The next available address in the \c .bss segment is location 0x63, so the
application uses 3 bytes of uninitialized data.
The \c .eeprom segment (where EEPROM variables are stored) starts at
location 0x0.
The next available address in the \c .eeprom segment is also location 0x0,
so there aren't any EEPROM variables.
\section demo_ihex Generating Intel Hex Files
We have a binary of the application, but how do we get it into the processor?
Most (if not all) programmers will not accept a GNU executable as an input
file, so we need to do a little more processing. The next step is to extract
portions of the binary and save the information into \c .hex files. The GNU
utility that does this is called \c avr-objcopy.

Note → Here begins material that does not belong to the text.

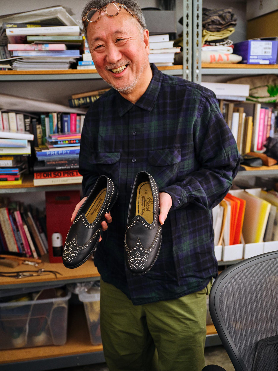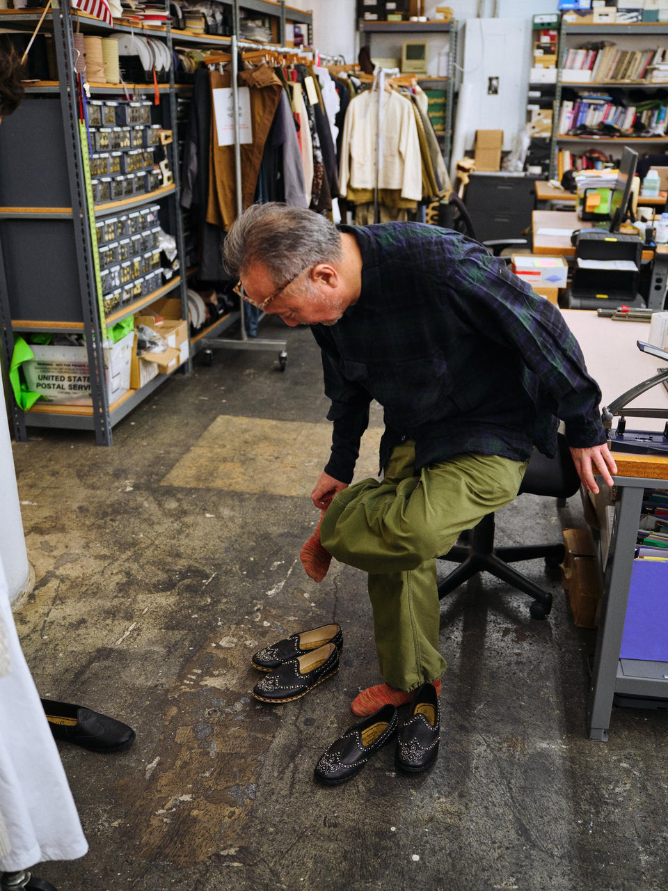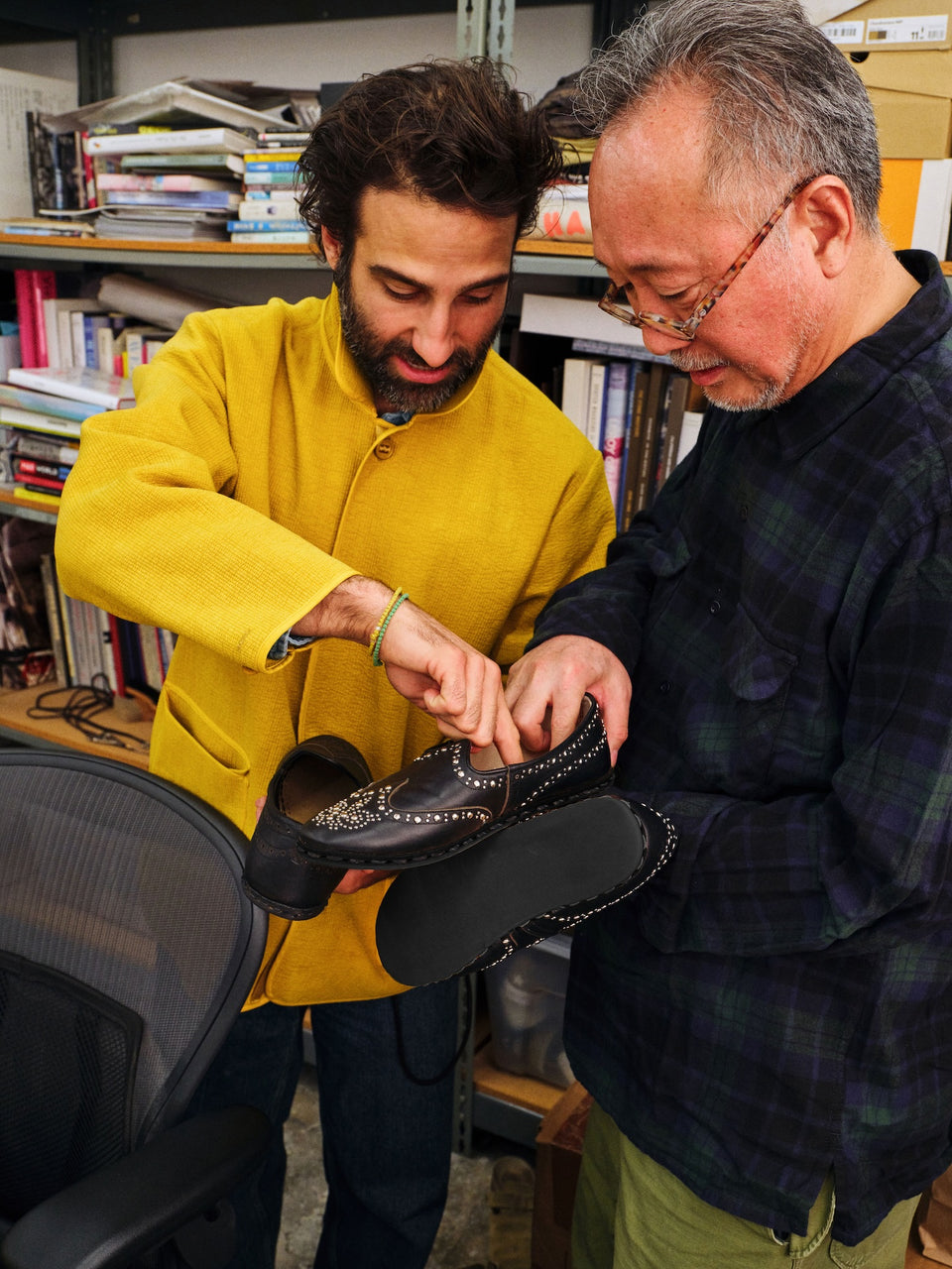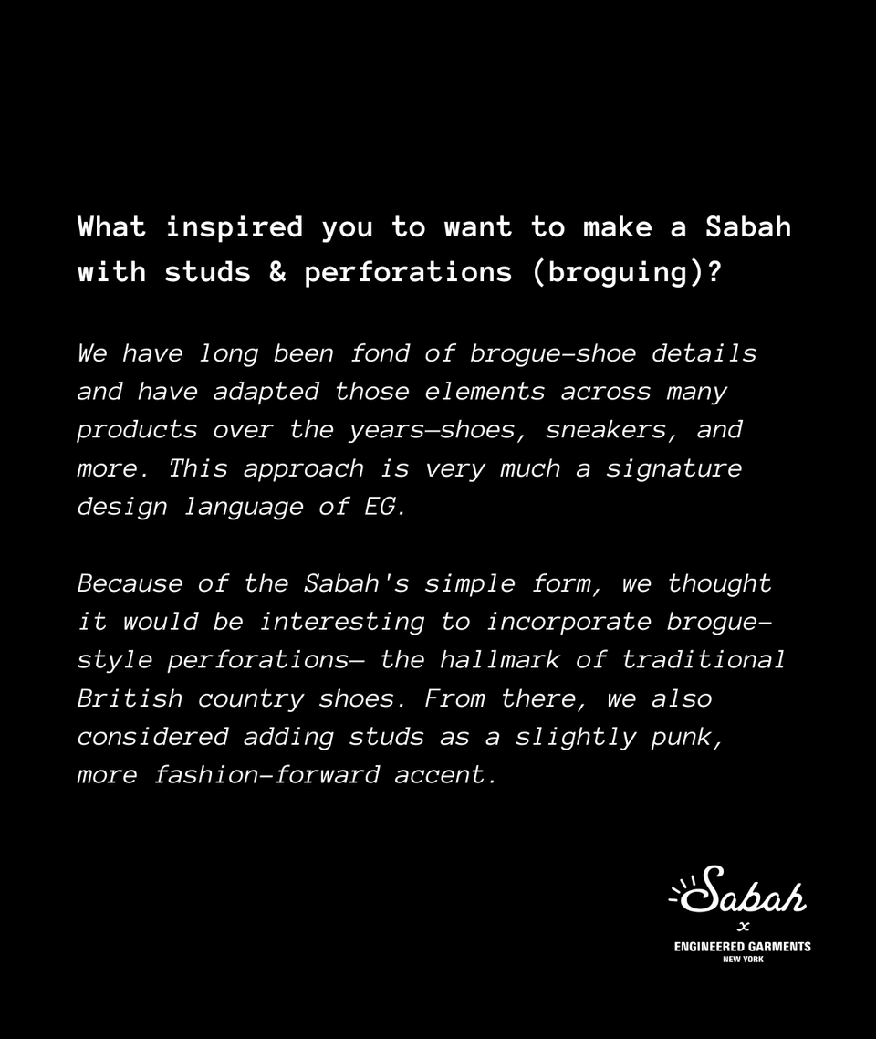 Designed in collaboration with Engineered Garments, these studded Sabahs are truly one of a kind. Inspired by traditional English footwear, the decorative brass and steel studs shine over a classic wingtip design and intricate broguing. These Sabahs feature a 'black out' aesthetic with all black soles, stitching, and rubber outsoles for a refined and sleek look. This is the first time we've ever introduced this on our Sabah silhouette. Each pair is handmade one at a time in our Workshop in Gaziantep, Turkey. Enjoy!

The ROM contents can be pulled from our project's binary and put into the file
demo.hex using the following command:
\verbatim
$ avr-objcopy -j .text -j .data -O ihex demo.elf demo.hex
\endverbatim
The resulting \c demo.hex file contains:
\verbinclude demo.hex
The \c -j option indicates that we want the information from the \c .text and \c .data
segment extracted. If we specify the EEPROM segment, we can generate a \c .hex
file that can be used to program the EEPROM:
\verbatim
$ avr-objcopy -j .eeprom --change-section-lma .eeprom=0 -O ihex demo.elf demo_eeprom.hex
\endverbatim
There is no \c demo_eeprom.hex file written, as that file would be
empty.
Starting with version 2.17 of the GNU binutils, the \c avr-objcopy
command that used to generate the empty EEPROM files now aborts
because of the empty input section \c .eeprom, so these empty files
are not generated. It also signals an error to the Makefile which
will be caught there, and makes it print a message about the empty
file not being generated.
\section demo_make Letting Make Build the Project
Rather than type these commands over and over, they can all be placed in a
make file. To build the demo project using \c make,
save the following in a file called \c Makefile.
\note This \c Makefile can only be used as input for the GNU version of \c
make.
\include demo/Makefile
\section demo_sourceref Reference to the source code
\htmlonly
\endhtmlonly
\latexonly
The source code is installed under
\texttt{\$prefix/share/doc/avr-libc/examples/demo/},
where \texttt{\$prefix} is a configuration option. For Unix
systems, it is usually set to either \texttt{/usr} or
\texttt{/usr/local}.
\endlatexonly
*/